▸ **Records shown**:
--- --- ---

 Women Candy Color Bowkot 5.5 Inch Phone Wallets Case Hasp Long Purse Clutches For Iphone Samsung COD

--- --- ---

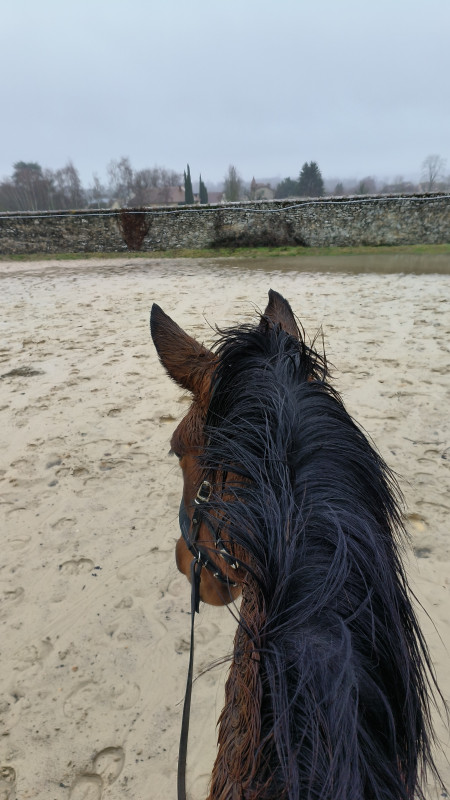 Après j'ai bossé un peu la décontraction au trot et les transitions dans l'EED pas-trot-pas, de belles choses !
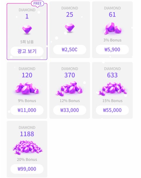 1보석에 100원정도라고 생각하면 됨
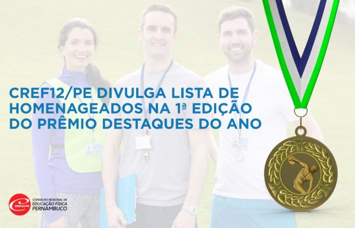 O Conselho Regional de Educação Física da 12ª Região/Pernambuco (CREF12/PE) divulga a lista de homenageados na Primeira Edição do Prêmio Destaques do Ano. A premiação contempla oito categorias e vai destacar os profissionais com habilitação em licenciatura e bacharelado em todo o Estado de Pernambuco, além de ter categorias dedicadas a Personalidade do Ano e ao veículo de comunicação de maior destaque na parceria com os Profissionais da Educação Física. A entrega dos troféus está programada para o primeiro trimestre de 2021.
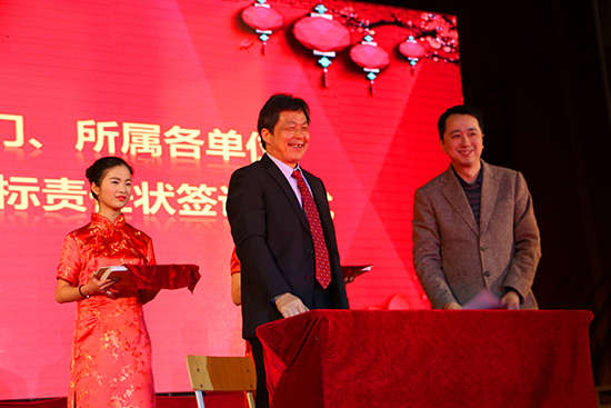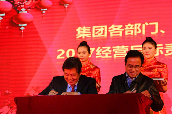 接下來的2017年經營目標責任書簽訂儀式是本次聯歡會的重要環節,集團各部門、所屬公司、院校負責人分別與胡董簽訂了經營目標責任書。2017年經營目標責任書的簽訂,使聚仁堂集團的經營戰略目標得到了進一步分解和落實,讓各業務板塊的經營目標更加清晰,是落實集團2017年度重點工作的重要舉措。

--- --- ---

▸ **Exercise instructions**:
Only the lines above starting with the line with "O Conselho Regional" and going on through the line with "接下來的2017年經營目標責" belong in the answer; repeat them exactly, minus any picture.

▸ **Answer space**:
 O Conselho Regional de Educação Física da 12ª Região/Pernambuco (CREF12/PE) divulga a lista de homenageados na Primeira Edição do Prêmio Destaques do Ano. A premiação contempla oito categorias e vai destacar os profissionais com habilitação em licenciatura e bacharelado em todo o Estado de Pernambuco, além de ter categorias dedicadas a Personalidade do Ano e ao veículo de comunicação de maior destaque na parceria com os Profissionais da Educação Física. A entrega dos troféus está programada para o primeiro trimestre de 2021.
 接下來的2017年經營目標責任書簽訂儀式是本次聯歡會的重要環節,集團各部門、所屬公司、院校負責人分別與胡董簽訂了經營目標責任書。2017年經營目標責任書的簽訂,使聚仁堂集團的經營戰略目標得到了進一步分解和落實,讓各業務板塊的經營目標更加清晰,是落實集團2017年度重點工作的重要舉措。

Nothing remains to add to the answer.